Chaque chanteur donne le meilleur de lui-même, et malgré la structure simple et directe du morceau, celui-ci reste captivant pendant ses cinq minutes. Ballade dramatique et luxuriante, « Can You Stand The Rain » a capturé une magie particulière en 1988, ouvrant la voie à d’innombrables autres artistes R&B.

Foreigner — I Want to Know What Love Is

Parmi les classiques les plus incontournables des années 80, « I Want to Know What Love Is » est sans doute la chanson d’amour définitive de cette époque. Dans ce morceau, Foreigner rassemble tout ce qui faisait la grandeur de la musique de ce moment : des synthétiseurs et des claviers doux, des voix magnifiques, et une progression cinématographique lente qui semble tourbillonner dans les oreilles jusqu’à une conclusion grandiose.

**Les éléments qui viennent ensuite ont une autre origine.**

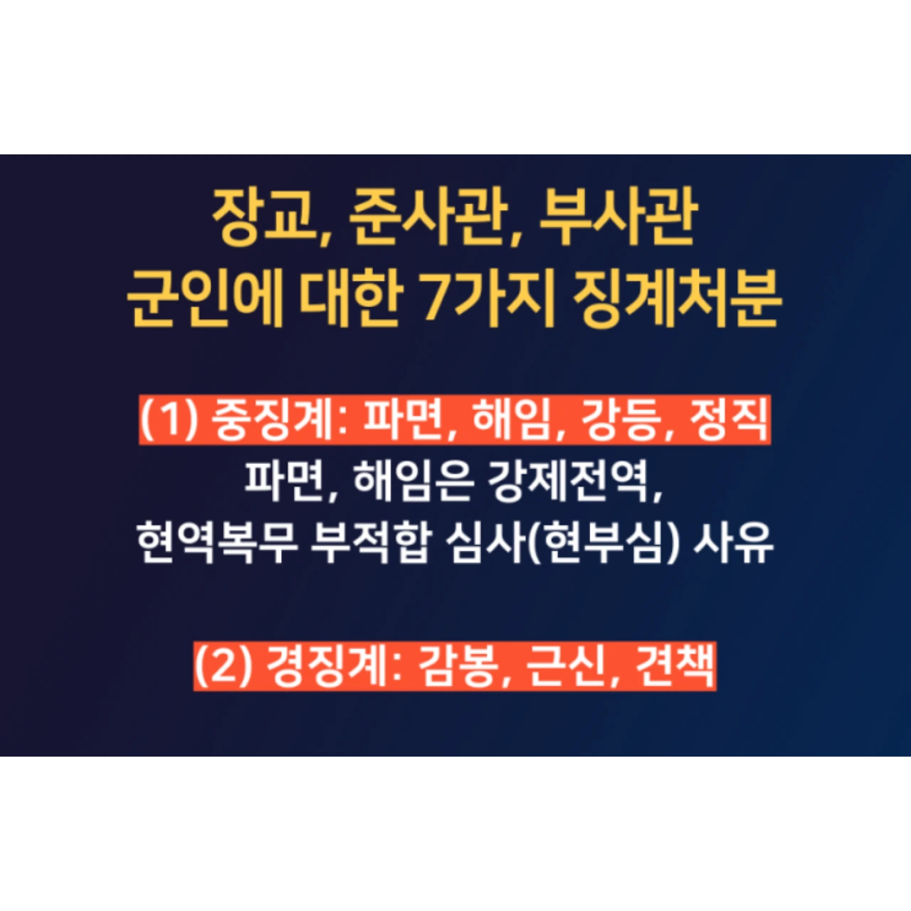 장교, 준사관, 부사관과 같은 군인에 대한 징계처분은 파면, 해임, 강등, 정직, 감봉, 근신, 견책 이렇게 7가지가 있는데, 파면, 해임, 강등, 정직이 중징계이고, 감봉, 근신, 견책이 경징계입니다.
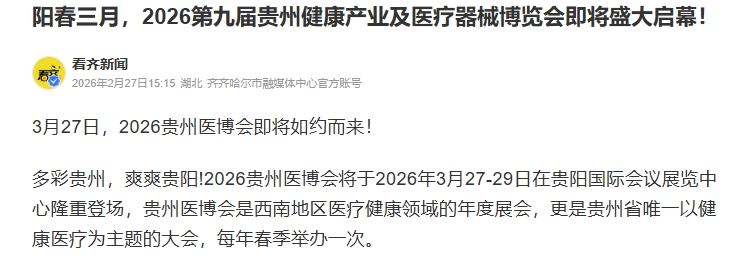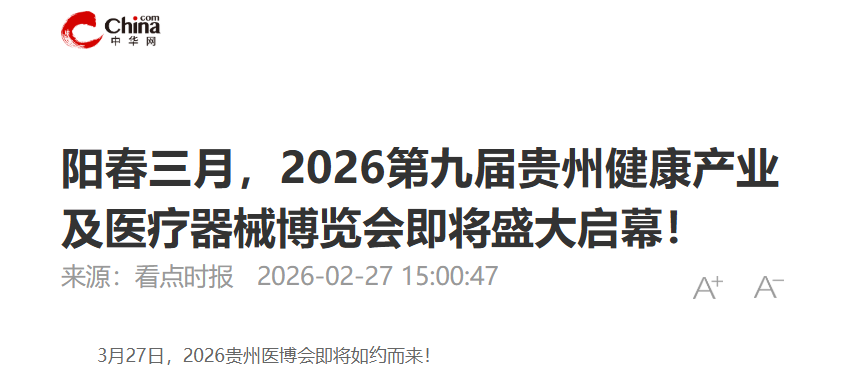 阳春三月,2026第九届贵州健康产业及医疗器械博览会即将盛大启幕!
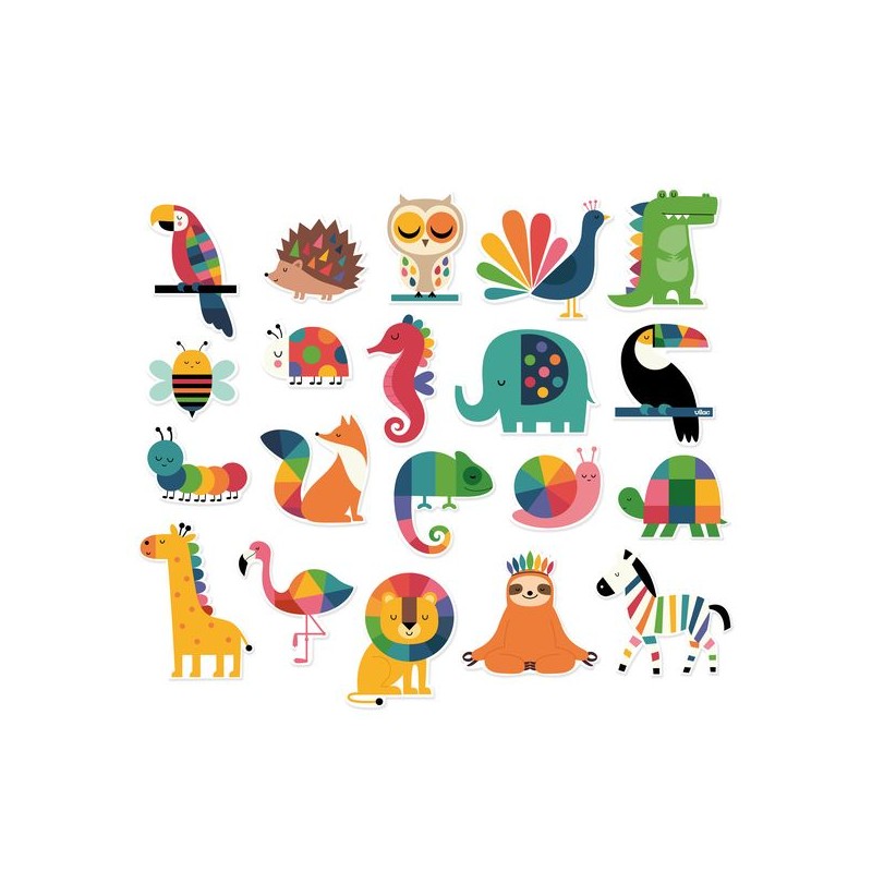Dompel jezelf onder in de betoverende regenboogwereld van Andy Westface! Neem deze schattige houten dierenmagneten en voeg een vleugje magie toe aan elk magnetisch oppervlak in je huis. Stimuleer de verbeelding van je kind door ze uit te nodigen boeiende verhalen te maken met deze 20 ondeugende dieren: de olifant, de vos, de toekan en vele andere metgezellen. De perfecte gelegenheid om de dierenwereld te ontdekken en te verkennen terwijl je je creativiteit ontwikkelt!

Sortie comme single principal de l’album « Agent Provocateur » en 1984, cette power ballad est simple mais redoutablement efficace. Elle permet à la sincérité de transformer des paroles basiques — exprimant le besoin de savoir ce qu’est véritablement l’amour — en un message d’une profondeur bouleversante.

Avec des racines gospel évidentes, soutenue dans sa seconde moitié par des chœurs, la chanson reste envoûtante tout au long de ses cinq minutes. Si les amateurs de rock l’ont sans doute entendue des millions de fois, elle mérite d’être réécoutée consciencieusement, loin de la radio, pour retrouver la magie intacte de la toute première écoute.